6. Anche il regime transitorio solleva non pochi problemi. E’ noto che la legge di conversione estende l’applicabilità del concordato riformato alle procedure pendenti e non ancora omologate (art. 2, comma 2-bis, d. legge n. 35 del 2005, conv. dalla legge n. 80 del 2005).
Ciò significa, mi pare, che l’imprenditore istante debba beneficiare della disciplina più favorevole in termini di presupposti soggettivi ed oggettivi (art. 161), di calcolo delle maggioranze (art. 177),  di divisione dei creditori in classi sia per quanto riguarda le operazioni di voto (art. 177), che per quanto riguarda il trattamento economico (art. 160 lett. c e d).
Non mancano, però i dubbi. L’applicazione di alcune delle nuove regole è subordinata ad una domanda il cui contenuto è soltanto eventuale (così per quanto riguarda la strutturazione dei creditori in classi, ma direi anche per l’abbandono della percentuale minima del 40% per i creditori chirografari, pur sempre subordinata ad una proposta articolata presentata secondo le nuove regole e cioè corredata da un piano) in mancanza della quale esse non dovrebbero trovare spazio, a meno che l’imprenditore istante non ne faccia richiesta; salvo poi a verificare se il tribunale debba o no rimettere in termini l’istante (e potrebbe essere quanta una delle ipotesi che giustifichi la proroga del termine complessivo per l’omologazione ai sensi dell’art. 181, comma 1, ult. parte) e se lo debba fare di ufficio o su richiesta (soluzione che mi sembra preferibile).
Le cose si complicano nel momento in cui il tribunale debba applicare il regime residuale e cioè quello la cui applicabilità non è subordinata ad una specifica domanda e cioè l’assenza del requisito soggettivo di meritevolezza, l’approvazione da parte della maggioranza semplice (art. 177 comma 1). tutte norme sicuramente caratterizzate da un favor per l’imprenditore insolvente.
Direi che mentre le norme procedurali trovano diretta applicazione, in base al principio tempus regit actum, sia pure nella versione suggerita dalla disciplina transitoria (art. 2, comma 2-bis del decreto convertito: è il caso della approvazione della proposta da parte di tanti creditori che rappresenti la maggioranza dei crediti ammessi a votare ex art. 177, comma 1; della nuova disciplina del procedimento di omologazione ex art. 180 testo rif.) è più dubbio se vada applicato l’esonero dal requisito di meritevolezza non più richiesto come presupposto della domanda. La perplessità è legittima perché la domanda deve essere accompagnata da un piano di ristrutturazione o soddisfazione dei crediti corredato di una serie di documenti ed accompagnato dalla relazione di un professionista (abilitato a svolgere le funzioni di curatore ex art. 28 legge fallim.) che attesti la veridicità dei dati aziendali e la fattibilità del piano medesimo.

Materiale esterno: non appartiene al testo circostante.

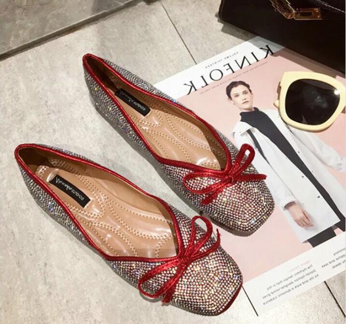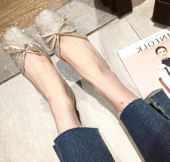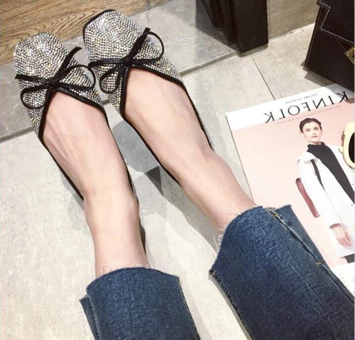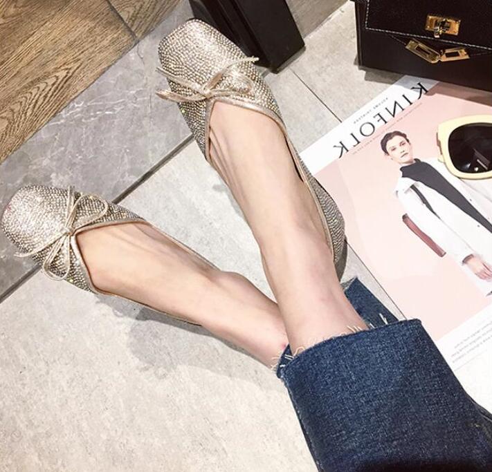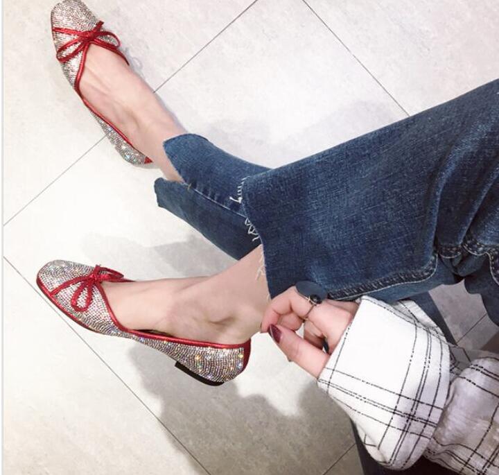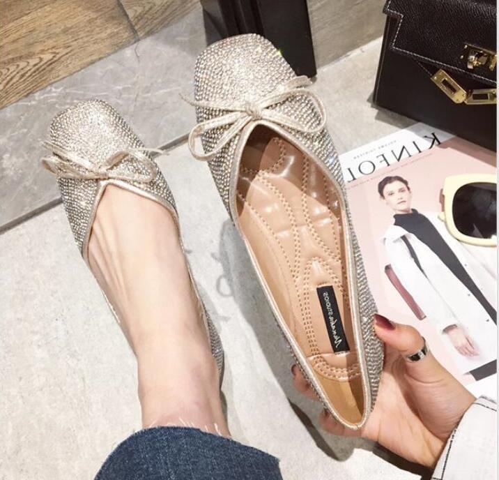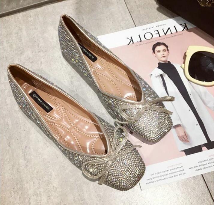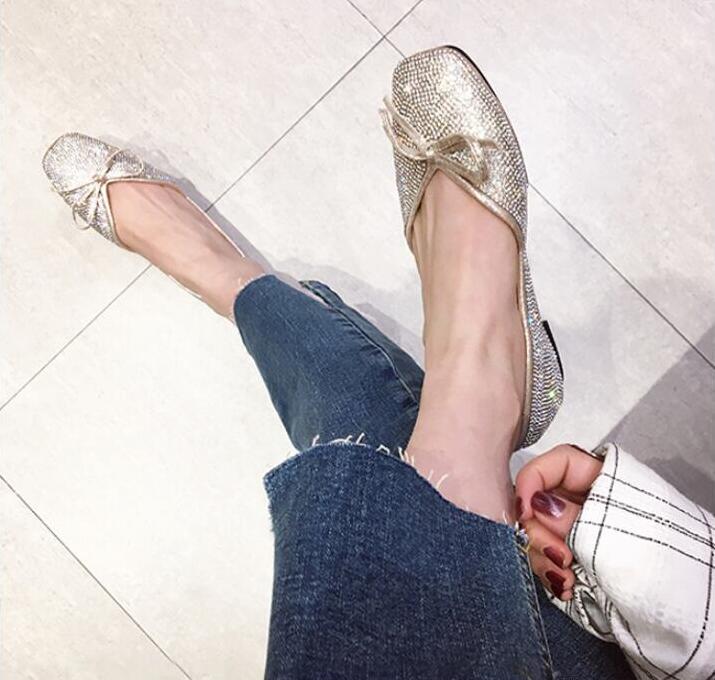 ラインストーンパンプス フラットシュー

Di qui evidentemente il dubbio se, in assenza della relazione, il tribunale possa ugualmente valutare la proposta sotto l’aspetto della fattibilità del piano o se debba invitare l’imprenditore istante ad integrare la documentazione o, ancora se debba valutare oltre che la proposta anche sotto il profilo della meritevolezza del proponente.

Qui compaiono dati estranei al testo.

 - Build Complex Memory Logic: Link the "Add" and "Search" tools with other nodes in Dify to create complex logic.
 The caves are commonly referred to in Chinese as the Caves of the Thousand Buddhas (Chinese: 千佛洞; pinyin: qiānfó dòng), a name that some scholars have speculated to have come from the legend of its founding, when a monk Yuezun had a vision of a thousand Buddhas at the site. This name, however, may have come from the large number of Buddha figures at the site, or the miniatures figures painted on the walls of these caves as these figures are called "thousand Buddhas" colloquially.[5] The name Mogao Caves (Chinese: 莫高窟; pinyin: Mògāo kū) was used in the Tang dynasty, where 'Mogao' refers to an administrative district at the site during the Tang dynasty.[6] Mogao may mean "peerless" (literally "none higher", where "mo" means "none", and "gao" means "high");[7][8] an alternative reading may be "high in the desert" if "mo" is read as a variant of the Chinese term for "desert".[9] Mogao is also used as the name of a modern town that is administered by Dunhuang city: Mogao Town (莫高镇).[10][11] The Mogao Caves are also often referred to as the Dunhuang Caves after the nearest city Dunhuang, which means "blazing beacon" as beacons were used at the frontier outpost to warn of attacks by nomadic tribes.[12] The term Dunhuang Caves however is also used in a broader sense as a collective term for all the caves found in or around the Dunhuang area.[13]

7. La novella introduce un nuovo art. 182-bis che prevede che il debitore possa depositare  con la dichiarazione e la documentazione prevista dall’art. 161 un accordo di ristrutturazione dei debiti stipulato in creditori che rappresentino almeno il sessanta per cento dei crediti, unitamente ad una relazione redatta da un esperto sull’attuabilità dell’accordo stesso, con particolare riferimento alla sua idoneità ad assicurare il regolare pagamento dei creditori estranei all’accordo.

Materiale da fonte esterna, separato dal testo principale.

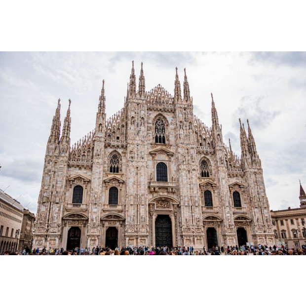 【米蘭大教堂】是米蘭的市標,為世界第三大教堂,擁有135座尖塔、2245尊雕像,是典型的哥德式建築,也是世界第二大的哥德式教堂,頂樓的最高尖塔居於堂頂正中,高達108.5公尺,上面是一座高4.16公尺的鍍金聖母雕像,教堂頂有135個尖塔,每一塔頂立一塑像,另有150個水道,410個大理石支架,上面均裝飾有浮雕,相當具有可看性。詩人徐志摩曾以《大理石的詩篇》來形容其教堂之美。

Se in questo modo il legislatore ha inteso offrire un ombrello agli accordi di ristrutturazione intervenuti tra debitore e creditori accorti (di solito appartenenti al ceto bancario), ancora una volta non mancano dubbi interpretativi. Tralasciamo il riferimento alla dichiarazione (?) prevista dall’art. 161 che in realtà prevede il deposito di un ricorso. Il termine obiettivamente improprio usato dal legislatore della novella non ha un senso logico anche perché il debitore con il deposito dell’accordo non dichiara alcunché ma chiede pur sempre che l’accordo sia omologato (art. 182-bis comma 3); peraltro, il riferimento alla dichiarazione è tributario della procedura di composizione concordata della crisi che nasceva per effetto di una dichiarazione del debitore.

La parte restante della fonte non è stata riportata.